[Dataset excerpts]
╔══
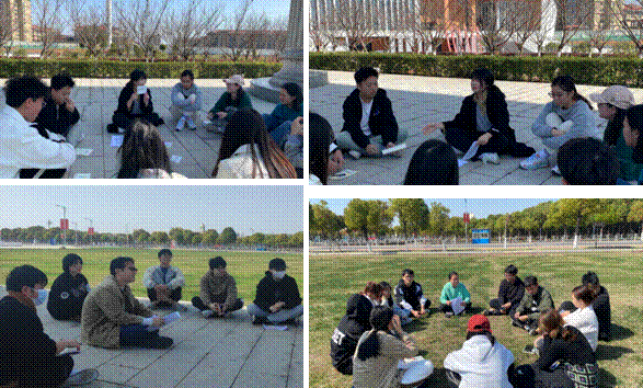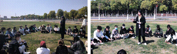 在明媚阳光下,如茵草地上,心理健康教育与咨询中心张梦春、曹昊、陈前以及二级学院辅导员郑浩雷等老师带领同学们在美丽的缀荷池旁集结,陈前老师介绍活动目的后,通过抽签将同学们随机分为三组,由各位老师带领小组成员开启生涯之旅。
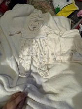Vintage Baby Lot Clothing Blankets Rattle Wood Toy upcycle Dolls Bears resell
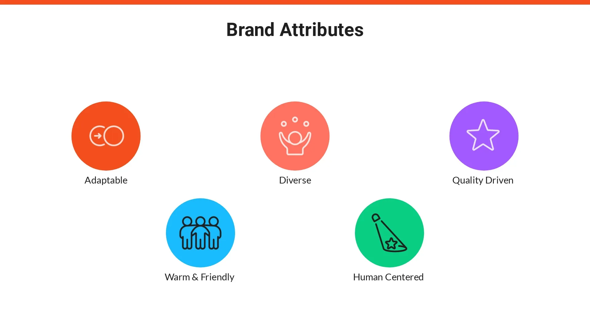 What are the key attributes of your brand? These are the characteristics and core values that make up your brand as a whole. In Figma’s case they included things like adaptable, diverse, quality driven, human centered, and warm and friendly. Use our Icons with Text slide to list out your brand attributes so that your team can understand how you landed on certain branding decisions.
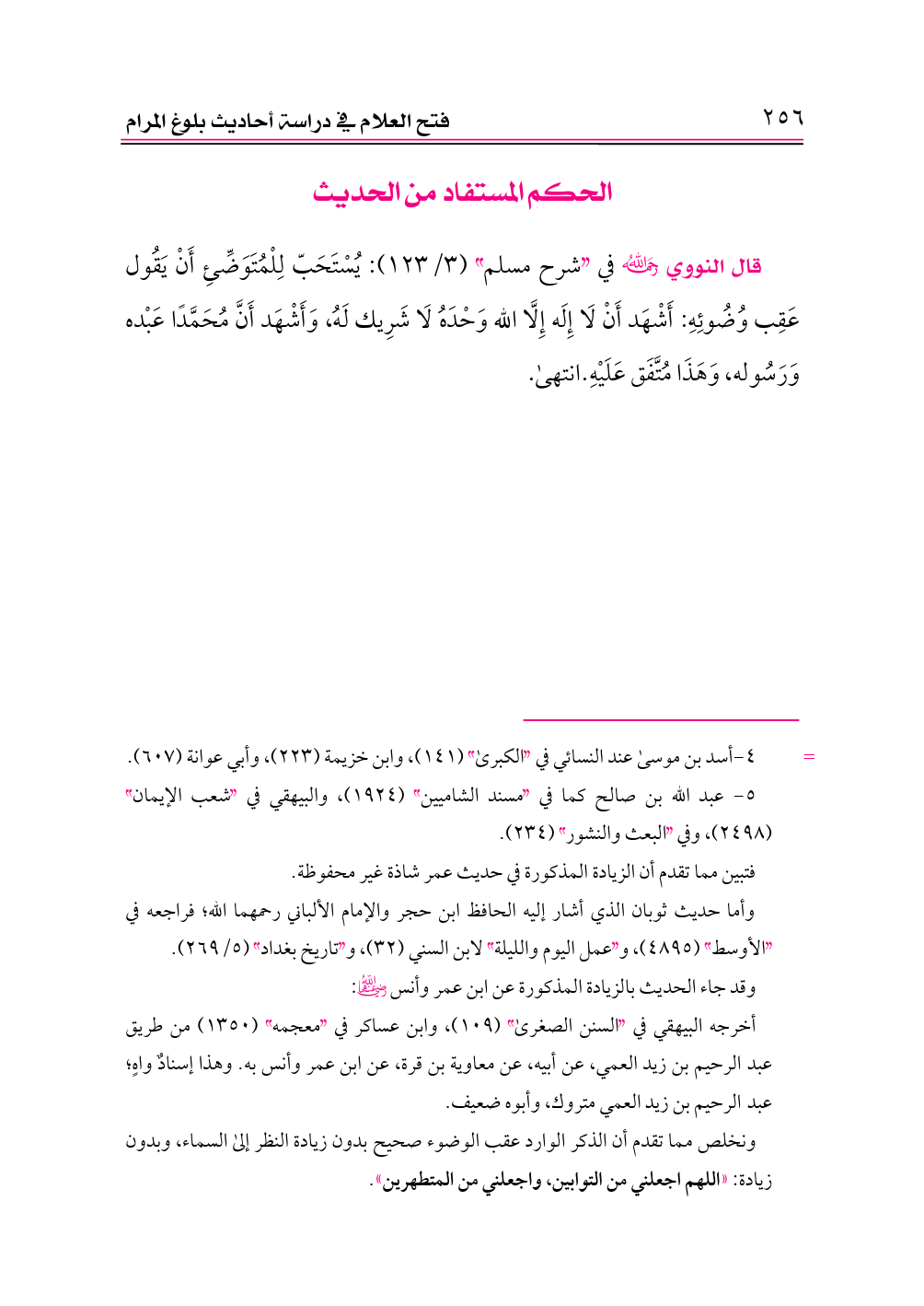 قال النووي -رحمه الله- في «شرح مسلم» (٣/ ١٢٣): يُسْتَحَبّ لِلْمُتَوَضِّئِ أَنْ يَقُول عَقِب وُضُوئِهِ: أَشْهَد أَنْ لَا إِلَه إِلَّا الله وَحْدَهُ لَا شَرِيك لَهُ، وَأَشْهَد أَنَّ مُحَمَّدًا عَبْده وَرَسُوله، وَهَذَا مُتَّفَق عَلَيْهِ. انتهى.
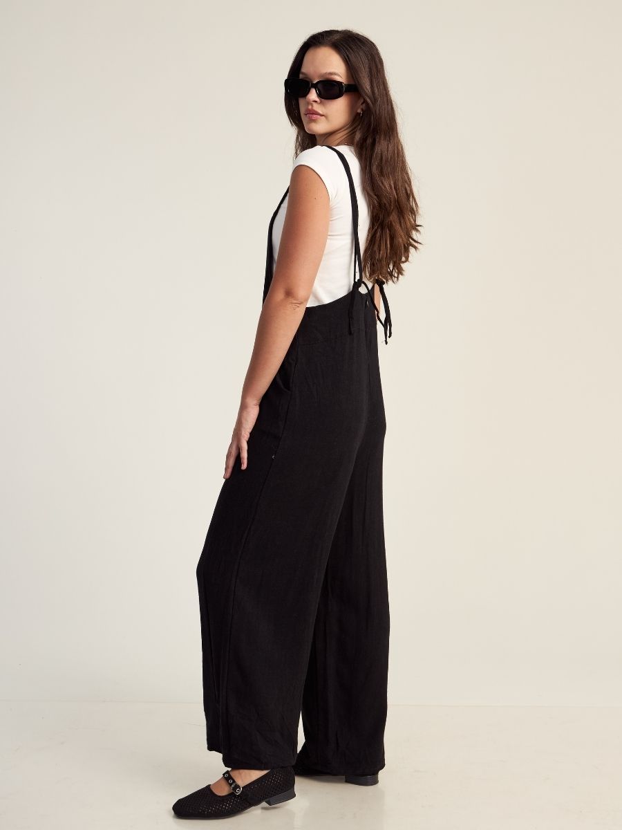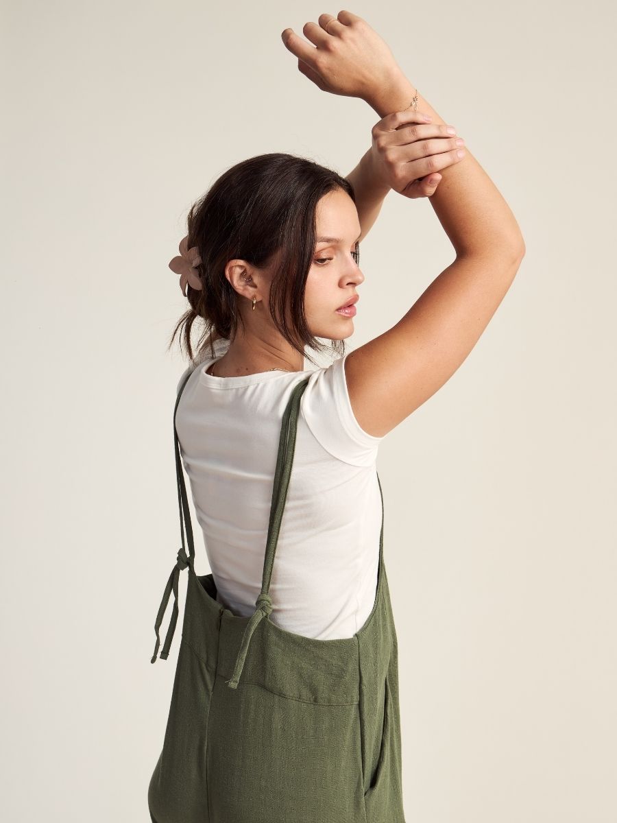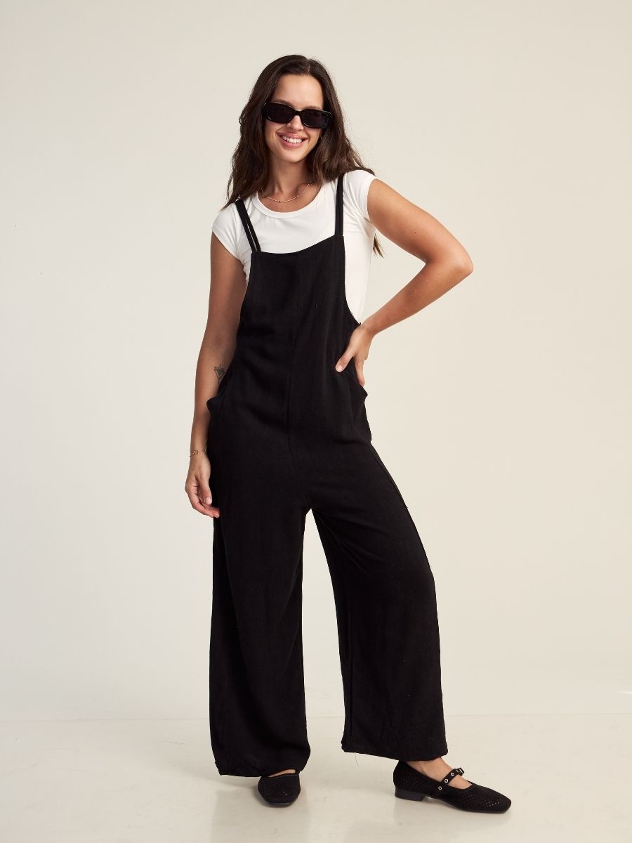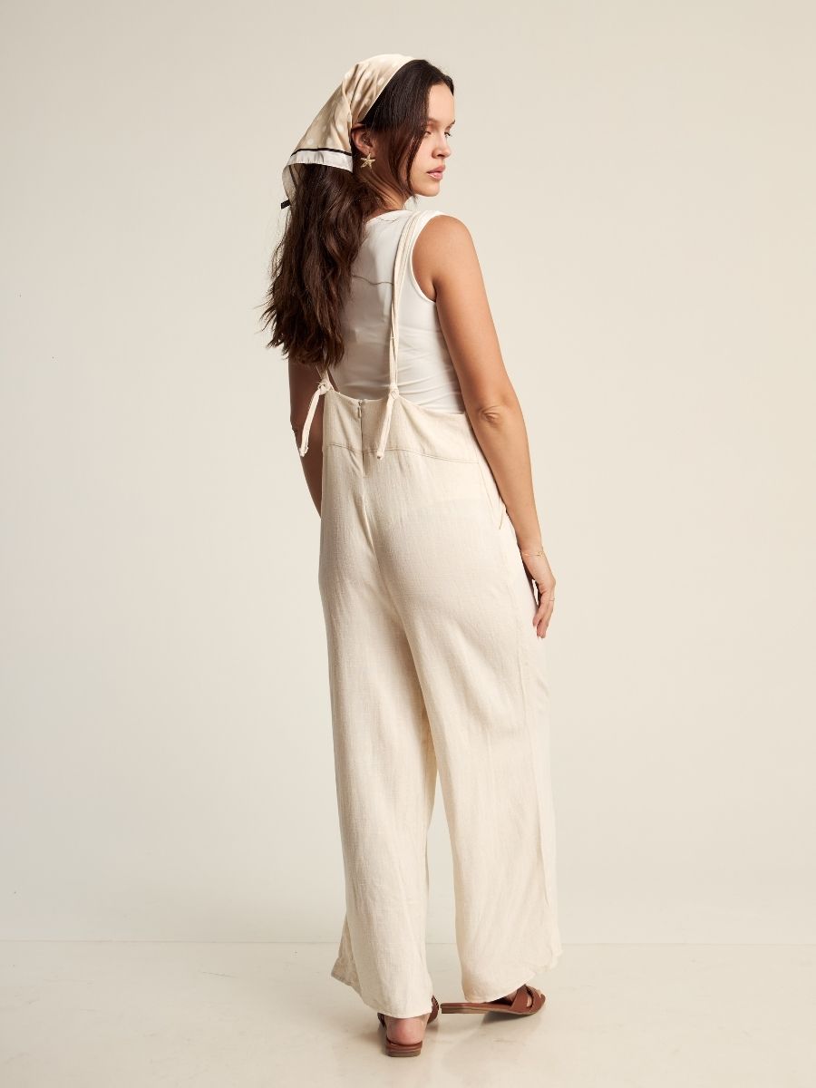 Enterizo holgado, con tirantes regulables y bolsillos laterales funcionales. Hecho en lino savanna, para mantenerte cómoda y fresca en el verano. Producción 100% peruana.
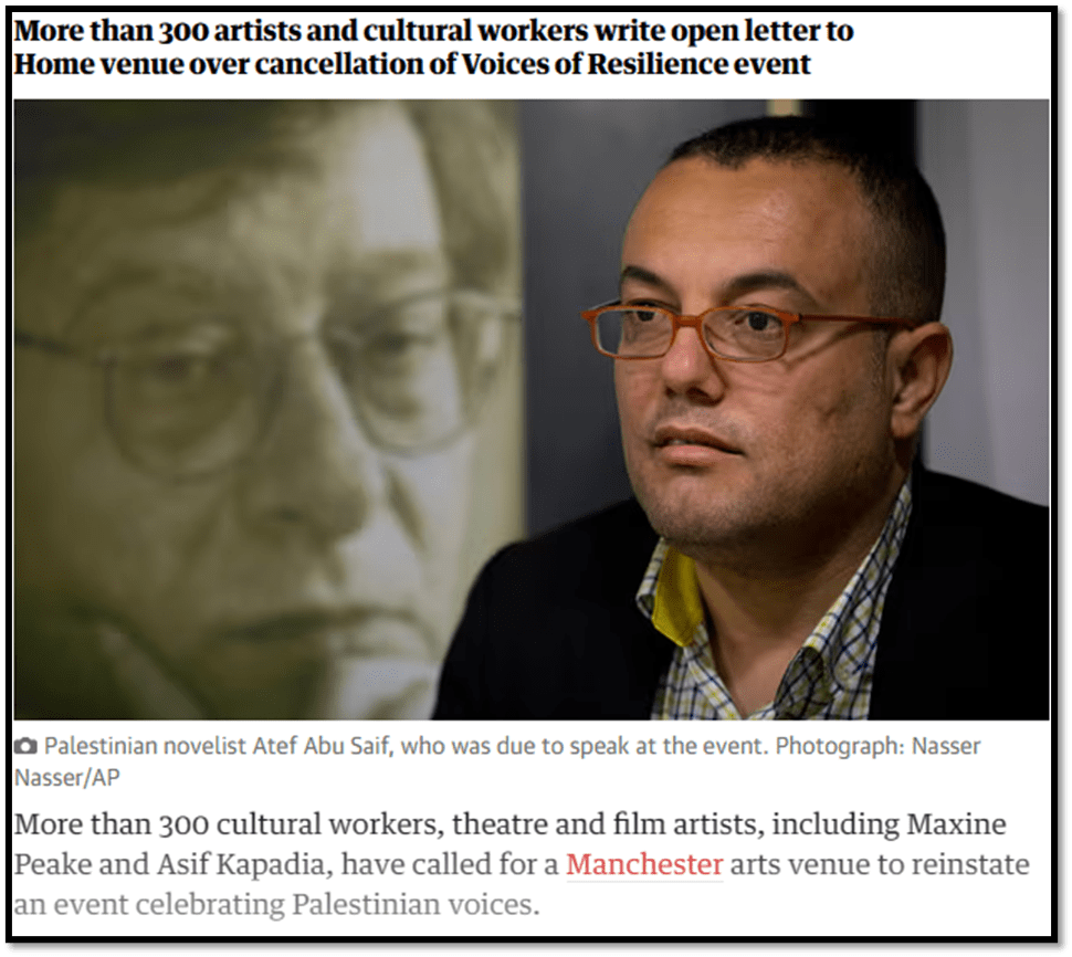 Haroon Siddique (2024) in ‘The Guardian’ online (Tues 2 April 2024 13.04 BST) Available at: https://www.theguardian.com/uk-news/2024/apr/02/manchester-voices-of-resilience-palestinian-voices-cancellation-open-letter-artists
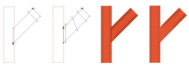 As with right angles, the use of an underlay object can provide better coverage, and make the joint easier to accomplish.
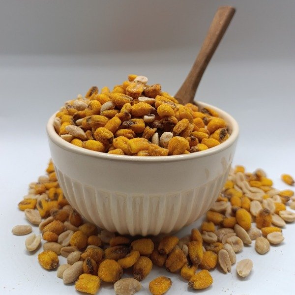 A diferencia del mix cervecero. Solo tiene maíz frito y maní con sal.
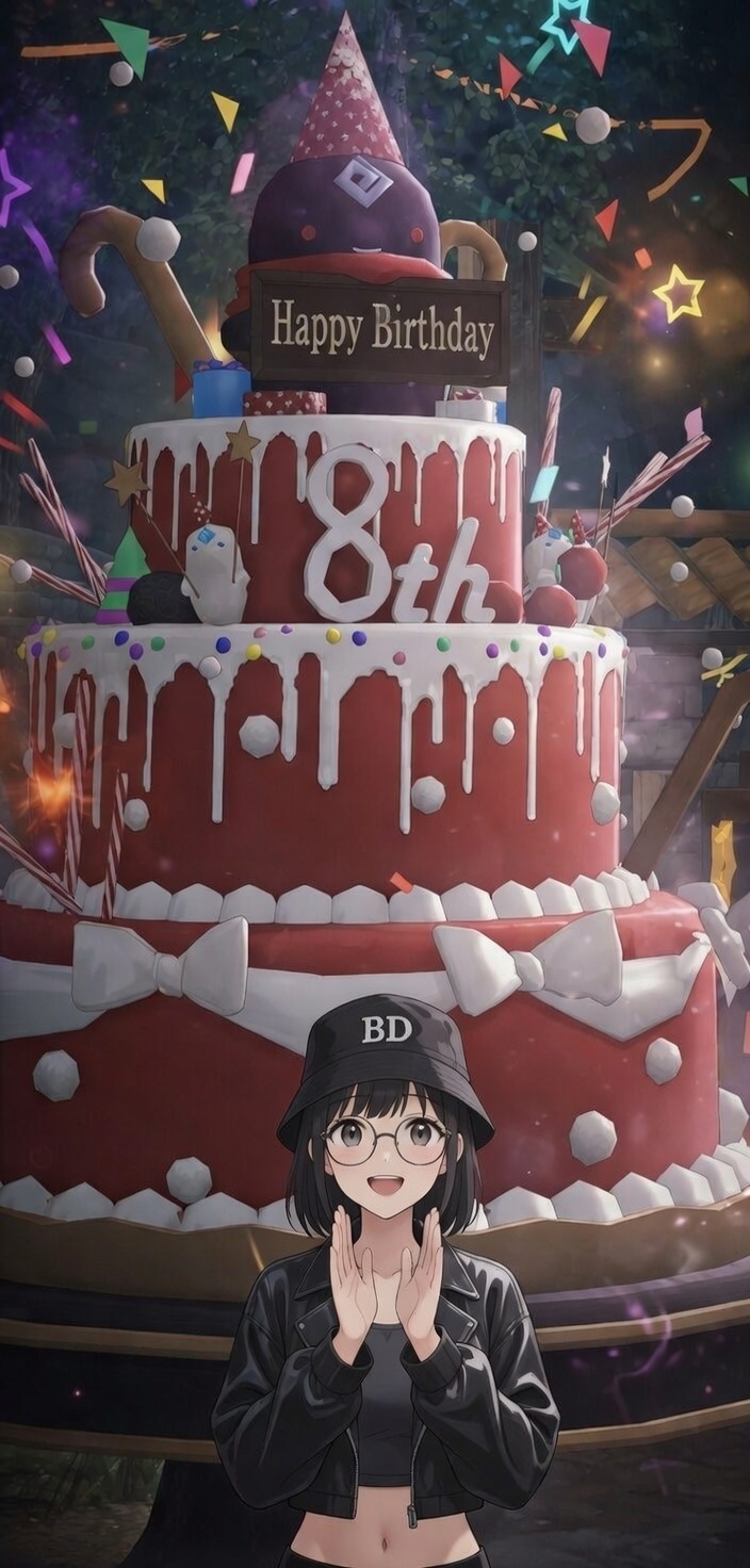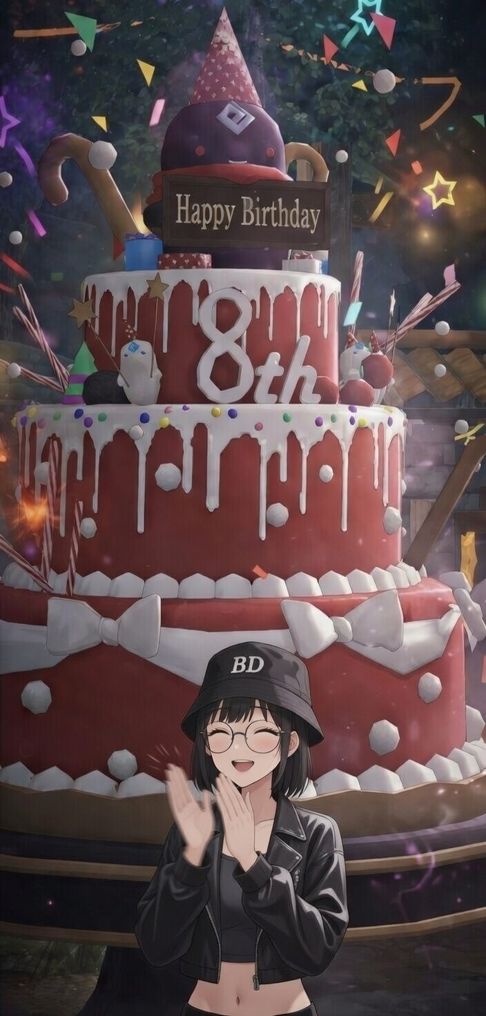 Grok 로 생성한 8주년 기념 일본 애니메이션풍 일러스트 팬아트 (with. 아크매지션, 블랙라벨)
╚══
**Task goal:**
Please repeat the entries above exactly, leaving out any pictures.

**Answer to this task:**
 在明媚阳光下,如茵草地上,心理健康教育与咨询中心张梦春、曹昊、陈前以及二级学院辅导员郑浩雷等老师带领同学们在美丽的缀荷池旁集结,陈前老师介绍活动目的后,通过抽签将同学们随机分为三组,由各位老师带领小组成员开启生涯之旅。
Vintage Baby Lot Clothing Blankets Rattle Wood Toy upcycle Dolls Bears resell
 What are the key attributes of your brand? These are the characteristics and core values that make up your brand as a whole. In Figma’s case they included things like adaptable, diverse, quality driven, human centered, and warm and friendly. Use our Icons with Text slide to list out your brand attributes so that your team can understand how you landed on certain branding decisions.
 قال النووي -رحمه الله- في «شرح مسلم» (٣/ ١٢٣): يُسْتَحَبّ لِلْمُتَوَضِّئِ أَنْ يَقُول عَقِب وُضُوئِهِ: أَشْهَد أَنْ لَا إِلَه إِلَّا الله وَحْدَهُ لَا شَرِيك لَهُ، وَأَشْهَد أَنَّ مُحَمَّدًا عَبْده وَرَسُوله، وَهَذَا مُتَّفَق عَلَيْهِ. انتهى.
 Enterizo holgado, con tirantes regulables y bolsillos laterales funcionales. Hecho en lino savanna, para mantenerte cómoda y fresca en el verano. Producción 100% peruana.
 Haroon Siddique (2024) in ‘The Guardian’ online (Tues 2 April 2024 13.04 BST) Available at: https://www.theguardian.com/uk-news/2024/apr/02/manchester-voices-of-resilience-palestinian-voices-cancellation-open-letter-artists
 As with right angles, the use of an underlay object can provide better coverage, and make the joint easier to accomplish.
 A diferencia del mix cervecero. Solo tiene maíz frito y maní con sal.
 Grok 로 생성한 8주년 기념 일본 애니메이션풍 일러스트 팬아트 (with. 아크매지션, 블랙라벨)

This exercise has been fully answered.